Image of Professor Gabriela Schlau-Cohen

Gabriela Schlau-Cohen wins Camille Dreyfus Teacher-Scholar Award

Categories: Awards, Faculty

Award recognizes talents and leadership qualities of young faculty in the chemical sciences.

Cabot Career Development Assistant Professor Gabriela Schlau-Cohen has been named one of 14 young faculty nationwide to be honored with a 2020 Camille Dreyfus Teacher-Scholar Award by the Camille and Henry Dreyfus Foundation.

The Camille Dreyfus Teacher-Scholar Awards Program supports the research and teaching careers of talented young faculty in the chemical sciences, and, when choosing its Teacher-Scholars, the foundation seeks those who demonstrate leadership in both research and education.

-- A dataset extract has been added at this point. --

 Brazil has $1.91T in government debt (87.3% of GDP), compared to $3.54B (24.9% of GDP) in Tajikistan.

As a Camille Dreyfus Teacher-Scholar, Schlau-Cohen will receive an unrestricted research grant of $100,000. Since its inception in 1970, the Teacher-Scholar program has awarded over $45 million to support emerging young leaders in the chemical sciences.

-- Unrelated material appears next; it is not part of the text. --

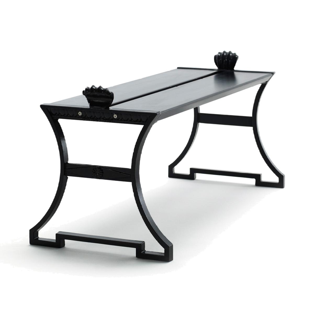 I love this bench for its sleek, minimalist aesthetic and the striking contrast between the black lacquered pine top and stand. It works particularly well in modern or industrial interiors, where its clean lines and bold finish can make a statement without overwhelming the space. Practical styling tips include using it as a hallway seat, a focal point at the foot of a bed, or even as a stylish coffee table in a living room. To keep the look fresh, consider pairing it with neutral toned cushions or decorative objects, such as textured bowls or indoor plants, to add visual interest while maintaining its contemporary edge.

Following a Postdoctoral Fellowship at Stanford University under Professor W.E. Moerner, Schlau-Cohen joined the MIT Department of Chemistry faculty as an assistant professor in 2015. She was recently promoted to associate professor without tenure, effective July 1, 2020.

Schlau-Cohen graduated magna cum laude from Brown University in 2003, earning a bachelor’s degree in chemical physics. She earned a PhD in chemistry at the University of California at Berkeley in 2011. Schlau-Cohen’s honors include a Sloan Fellowship, a Beckman Young Investigator award, and the Smith Family Award for Excellence in Biomedical Research.

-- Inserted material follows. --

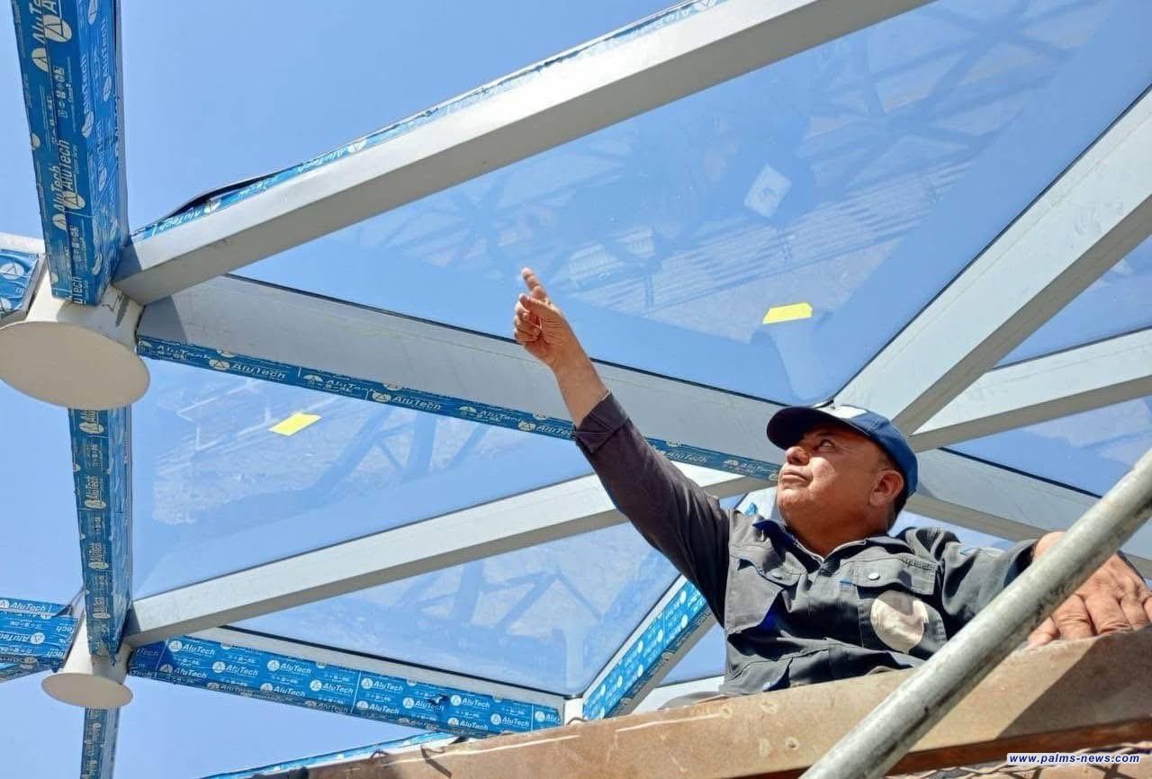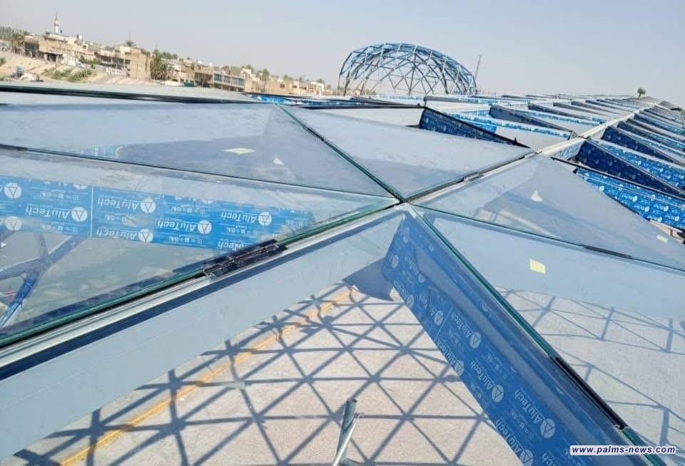 المباشرة بتركيب الزجاج الخارجي لجسر الكريعات للمشاة فوق نهر دجلة ببغداد.

Research in the Schlau-Cohen group is inherently multidisciplinary; the group combines tools from chemistry, optics, biology, and microscopy to develop new approaches to probe dynamics. They study dynamics in two classes of systems: biological and bio-inspired light-harvesting systems that are of interest to solar energy research and biomass production; and bacterial and mammalian receptor proteins that are targets for human therapeutics. To explore these systems, Schlau-Cohen and her group use ultrafast transient absorption spectroscopy, single-molecule fluorescence spectroscopy, and develop model membrane systems.

The Camille and Henry Dreyfus Foundation is a leading nonprofit organization devoted to the advancement of the chemical sciences. It was established in 1946 by chemist, inventor, and businessman Camille Dreyfus in honor of his brother Henry. The foundation seeks to support the advancement of chemistry, chemical engineering, and related sciences as a means of improving human relations and circumstances around the world.